▶ [INFORMATION PROVIDED]:

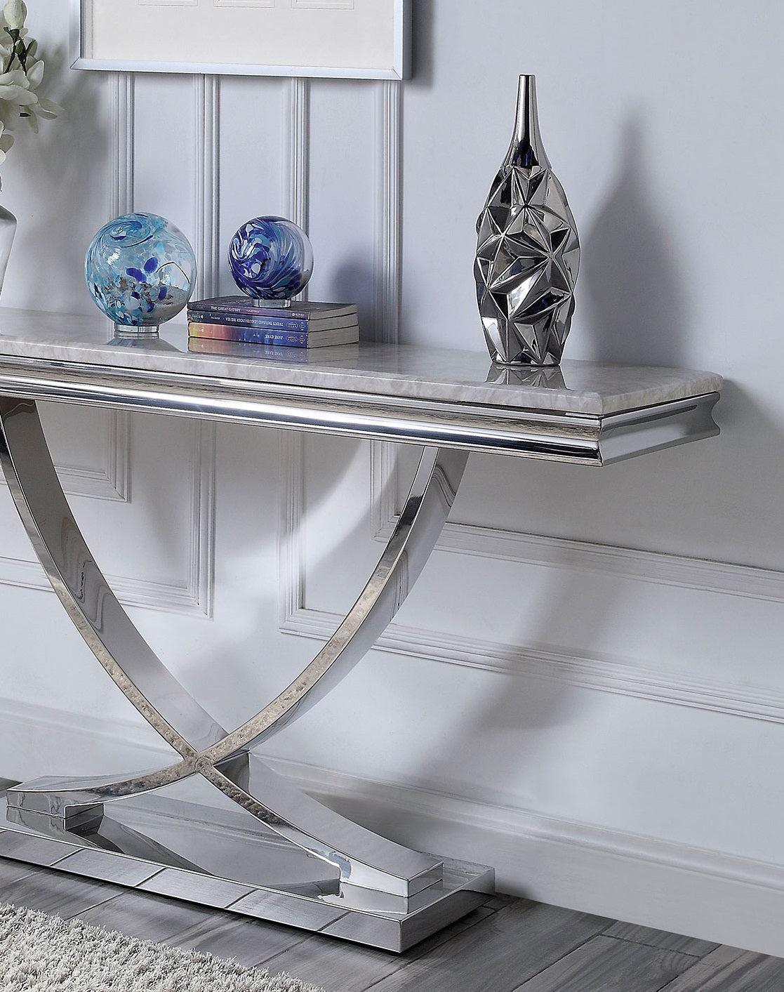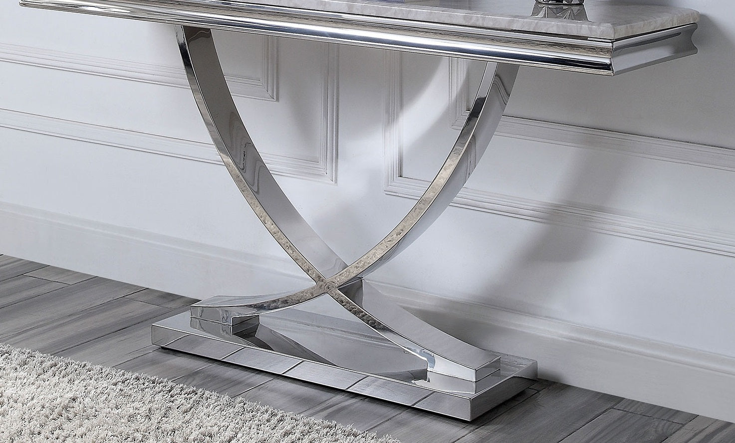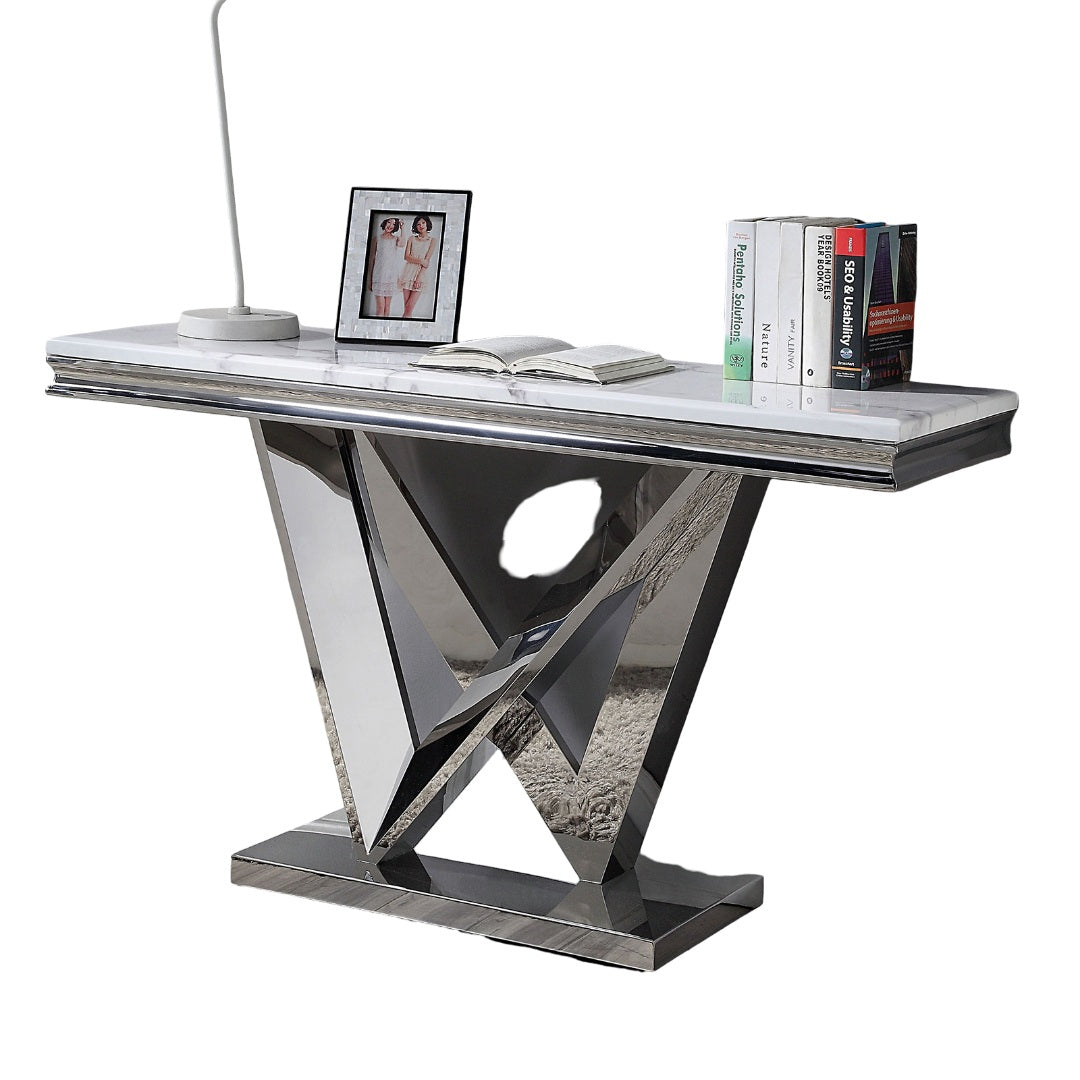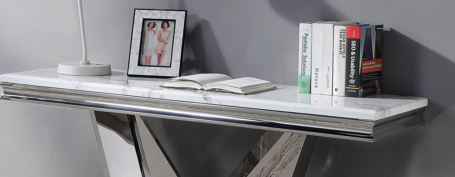 Elevate your living space with a striking blend of modern glamour and sturdy design. This sofa table pairs a luxurious faux marble top with polished chrome pedestals for a refined focal point that complements contemporary and transitional interiors. Thoughtfully proportioned for behind a sofa or against a wall, it adds surface area for lamps, decor, and everyday essentials while making a bold style statement.
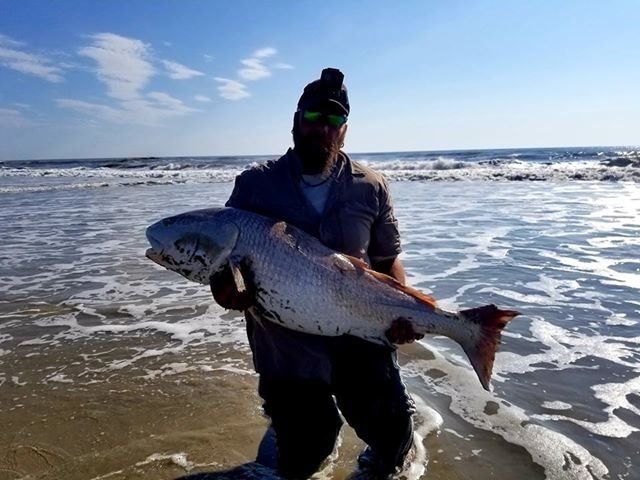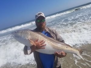 David Moore has been having some terrific luck on the red drum in the Assateague surf recently. First fish is a big 54″er and second is a HUGE 55″ fish with a 30″ girth. The big drum was estimated at over 70 pounds and if not for the 27″ maximum size could very well have been a new state record.
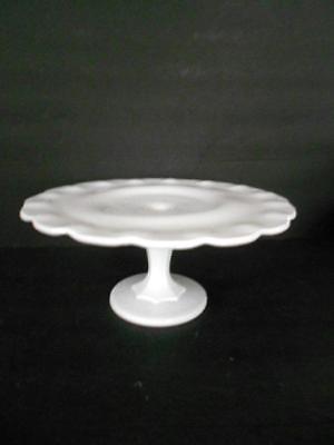 VINTAGE MILK GLASS PEDESTAL CAKE STAND PLATE SCALLOPED EDGE 11" DIAMETER
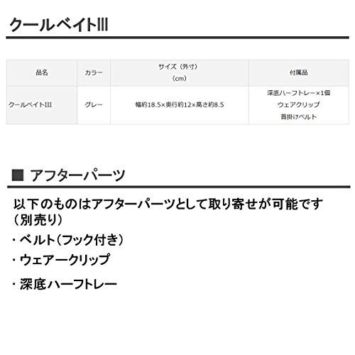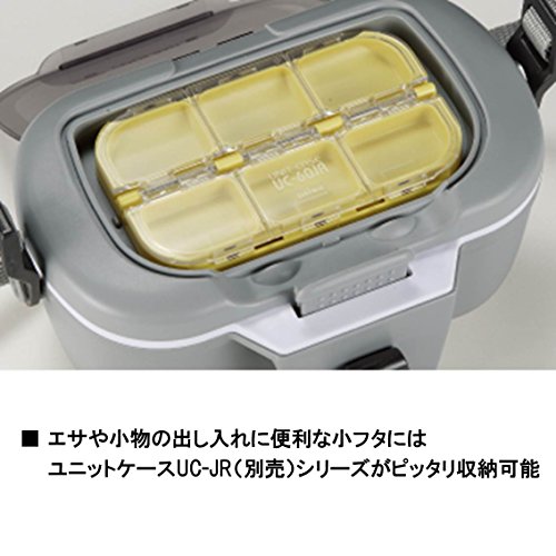 幅約18.5×奥行約12×高さ約8.5の釣り餌箱道具は、ハーフトレイを装備し餌を小分けにする事が可能な仕様。首掛け式の餌箱ですが、餌箱を安定させる仕組みで餌漏れの心配はありません。別売りのユニットを装着する事で小物の収納も可能になります。

▶ [WHAT TO DO]: Please retype the material in full, exactly as it reads, apart from the images.

▶ [RESULT OF THIS EXERCISE]:
 Elevate your living space with a striking blend of modern glamour and sturdy design. This sofa table pairs a luxurious faux marble top with polished chrome pedestals for a refined focal point that complements contemporary and transitional interiors. Thoughtfully proportioned for behind a sofa or against a wall, it adds surface area for lamps, decor, and everyday essentials while making a bold style statement.
 David Moore has been having some terrific luck on the red drum in the Assateague surf recently. First fish is a big 54″er and second is a HUGE 55″ fish with a 30″ girth. The big drum was estimated at over 70 pounds and if not for the 27″ maximum size could very well have been a new state record.
 VINTAGE MILK GLASS PEDESTAL CAKE STAND PLATE SCALLOPED EDGE 11" DIAMETER
 幅約18.5×奥行約12×高さ約8.5の釣り餌箱道具は、ハーフトレイを装備し餌を小分けにする事が可能な仕様。首掛け式の餌箱ですが、餌箱を安定させる仕組みで餌漏れの心配はありません。別売りのユニットを装着する事で小物の収納も可能になります。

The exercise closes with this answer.